OCA: Being a historian by training, what do you consider as some of the historical highlights that have been the turning points for Kazakhstan?
YS: This year marks 25 years of independence of the Republic of Kazakhstan. We declared our newfound sovereignty in 1991 but already we are justified in speaking about the presence of our country on the world stage. “We need to look into the past to understand the present and to see the contours of the future”, says our President, Nursultan Nazarbayev. The status of independence
is not a newly made doctrine of modern times for Kazakhs. This tradition of independence was already given to us by the ancestors of the Turkic-speaking peoples throughout the times of Turkic Eurasia. History’s always been interested in all the world states. But it always places a special emphasis on the sense of national identity. And here the truth is that nations and peoples cannot be absolutely similar, and national identity is mediated by the state’s independence. It is the key to the
stability of an ethnic group, and the state in a complex, nonlinear peace-building practice.

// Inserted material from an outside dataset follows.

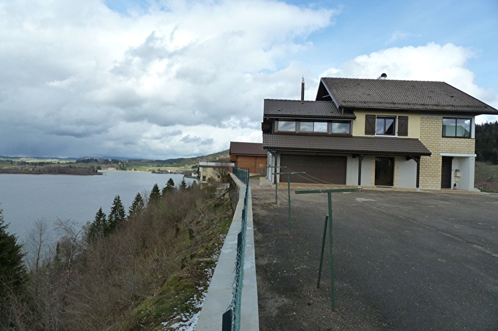 A l'extérieur : cour, terrain attenant non clos offrant une magnifique vue sur le lac de l'Abbaye, salon de jardin et barbecue.
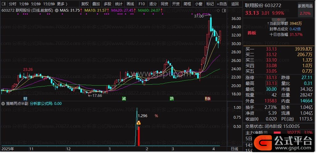 4. 规则:仅做A股主板/创业板标的,结合均线趋势,信号出现后轻仓尾盘介入,遵循短线快进快出原则。

Set aside a settled environmental view that the nomadic world was barbaric, ignorant and destructive and you will find a progressive role in the global historical process played by nomadic societies to which belonged traditional Kazakh society. The idea of independence has deep roots, and the independence of the state followed cultural independence, the independence of the spiritual embodied in tengrizm principles as we now call the ancient beliefs of Turkic-speaking ancestors. The fundamental civilisational paradigm of our independence is that the nomadic Turkic world organically fits into the global world-system of the ancient world and the Middle Ages, really connecting states and culture. In this context, each step of our people from the time we started to be aware of national identity can be considered as a historical turning point.

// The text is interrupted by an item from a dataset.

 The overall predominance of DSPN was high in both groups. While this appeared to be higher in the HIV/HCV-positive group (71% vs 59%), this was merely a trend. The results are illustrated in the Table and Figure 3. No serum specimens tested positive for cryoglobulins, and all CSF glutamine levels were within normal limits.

OCA: Finally, what message would you like to give to our readers in the UK?
YS: I first of all associate UK with world literature classics. As a child, I over read Alan Milne, Lewis Carroll, Rudyard Kipling. We all were young Robinsons of Daniel Defoe. We grew up on the works of the greatest dramaturge and poet William Shakespeare, perceived other worlds with HG Wells. And who among us did not wish to be Sherlock Holmes, Hercule Poirot, reading detective novels by Arthur
Conan Doyle, Agatha Christie? It is possible to talk endlessly about these truly national assets of the people of England. I wish multiplying glory, further spiritual and cultural development to all the readers. And of course I’m looking forward to the strengthening of our relations.